Which runtime are you using?
Spine-C, Spine-C#, SpineLua, SpineJS all use opaque pointers to store textures (although the latter two are prototyped languages). Look at how the animations are rendered and you can see possibly a way to 'log' which textures you are using.
However, I'm going to suggest a different approach: skins.
You see, to save memory and increase rendering performance, you should really be packing your regions/sprites into an Atlas. Generally speaking, textures are uploaded to power-of-two surfaces on the GPU (barring certain extensions). That means if your sprite isn't pow2 sized, extra space is added around the sprite to align it properly. I think one time I calculated an average wasted space of 40% in a game. 40% means you could have unused regions loaded on an atlas and still save more memory than having everything separate.
When you pack your regions into a single sheet, only the outer edges gain wasted space, and that's if the texture isn't pow2 on disk. (But why waste disk space)
Changing textures on the GPU is another performance bottleneck. If all of the regions are packed into the same texture, then this occurs less frequently; increasing the throughput.
BUT! If all of your regions (for a particular skin) are packed into the same texture, there's no way to drop them individually. ๐
You can drop whole skins if you pack skins into separate textures.

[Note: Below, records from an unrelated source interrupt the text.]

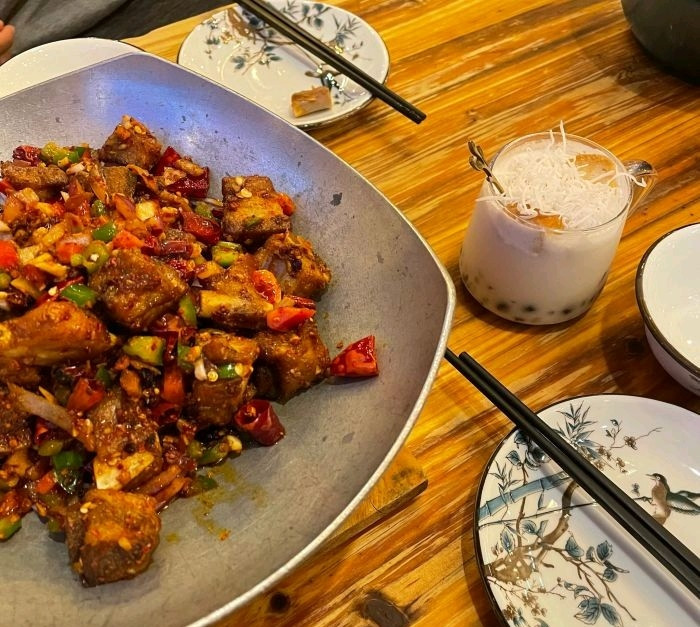 大概11点半的样子就回去了,因为下午要赶飞机,回青旅吃了午饭就准备出发回成都了,午饭的时候小哥拿着铜锣在楼下敲,边敲边喊:开--饭--喽--!
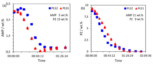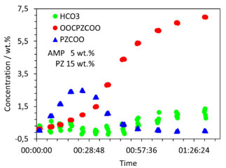 Figure 5 shows the prediction of the mono- and dicarbamate of PZ and bicarbonate in the 5 wt.% AMP 15 wt.% PZ blend during the carbonation process. At the beginning of the reaction, there was a rapid formation of PZCOO- which then reaches a maximum concentration. At the same time, monocarbamate is transforming into -OOCPZCOO- at a lower rate and rapidly after the monocarbamate reaches the maximum concentration. This faster dicarbamate formation is associated with the total consumption of free PZ. Although the -OOCPZCOO- prediction is not reliable, this profile agreed with published works.9,23,24
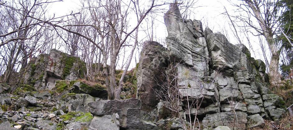 pohled od turistického chodníku na Horní mazácké skály

There's no real runtime/dynamic trick to dropping a skin. You can just say: "Hey, this level doesn't use Zombies" and just not load it to begin with. You will have to iterate over the skins to update the renderObject pointers (or null them out) before calling 'setSkin' on the spSkeleton.
==========================
My Level descriptor files specify level assets at the top (in a Library structure). The Libraries are chained together, so when I'm searching for an asset, it looks in the local library, then chains up to it's parent. The root parent contains all assets that the entire game uses (e.g. fonts). If your game uses a lot of the same animations with different skins in different levels, then the SkeletonData would probably be in an intermediate library with the skins in the level library.
That way, when you end a level, the local library is released and it takes the assets with it.